◆ **WHAT THE TASK ASKS**: Scan the records below for the line containing "Situation des sites" and the line containing "Les résidus pharmaceutiques". Copy both, plus every line between, exactly.

◆ **EXERCISE INPUT**:
--------------------

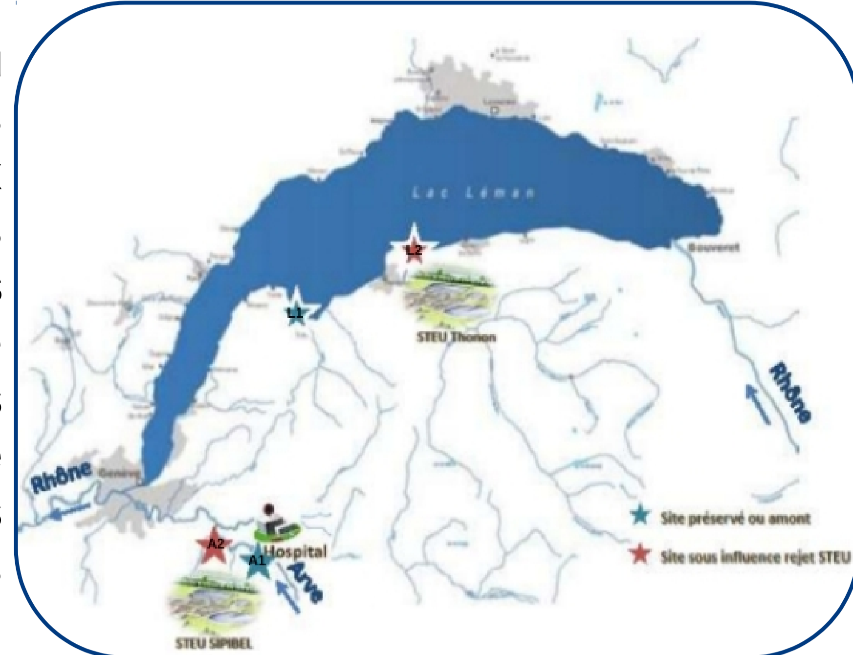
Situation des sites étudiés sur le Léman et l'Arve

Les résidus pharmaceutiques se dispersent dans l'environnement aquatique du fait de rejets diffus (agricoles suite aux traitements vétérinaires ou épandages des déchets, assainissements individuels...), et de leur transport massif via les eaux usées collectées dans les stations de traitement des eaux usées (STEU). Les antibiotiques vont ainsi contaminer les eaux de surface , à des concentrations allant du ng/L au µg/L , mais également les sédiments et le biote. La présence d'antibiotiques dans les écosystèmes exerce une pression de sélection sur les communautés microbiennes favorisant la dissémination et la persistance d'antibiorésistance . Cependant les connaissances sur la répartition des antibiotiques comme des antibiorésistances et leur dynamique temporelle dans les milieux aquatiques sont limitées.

--------------------

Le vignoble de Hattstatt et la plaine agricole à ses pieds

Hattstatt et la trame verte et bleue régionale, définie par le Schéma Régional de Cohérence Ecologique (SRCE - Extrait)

--------------------

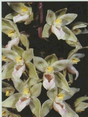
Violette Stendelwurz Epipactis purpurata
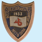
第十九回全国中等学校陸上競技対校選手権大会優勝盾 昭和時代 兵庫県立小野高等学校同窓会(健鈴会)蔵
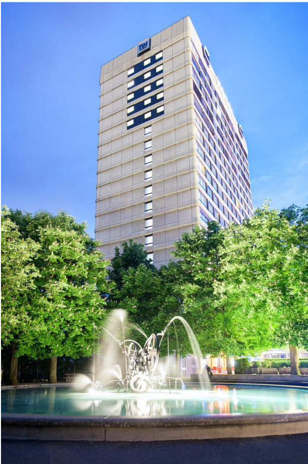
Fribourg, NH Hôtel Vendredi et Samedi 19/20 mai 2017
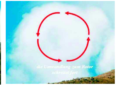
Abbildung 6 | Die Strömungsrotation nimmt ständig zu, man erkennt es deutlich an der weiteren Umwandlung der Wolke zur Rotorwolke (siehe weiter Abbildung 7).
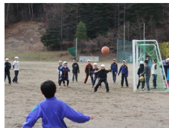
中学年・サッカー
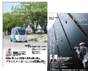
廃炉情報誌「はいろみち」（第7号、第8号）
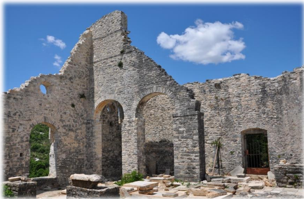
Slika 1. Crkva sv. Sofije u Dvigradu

--------------------

◆ **YOUR SOLUTION**:
Situation des sites étudiés sur le Léman et l'Arve

Les résidus pharmaceutiques se dispersent dans l'environnement aquatique du fait de rejets diffus (agricoles suite aux traitements vétérinaires ou épandages des déchets, assainissements individuels...), et de leur transport massif via les eaux usées collectées dans les stations de traitement des eaux usées (STEU). Les antibiotiques vont ainsi contaminer les eaux de surface , à des concentrations allant du ng/L au µg/L , mais également les sédiments et le biote. La présence d'antibiotiques dans les écosystèmes exerce une pression de sélection sur les communautés microbiennes favorisant la dissémination et la persistance d'antibiorésistance . Cependant les connaissances sur la répartition des antibiotiques comme des antibiorésistances et leur dynamique temporelle dans les milieux aquatiques sont limitées.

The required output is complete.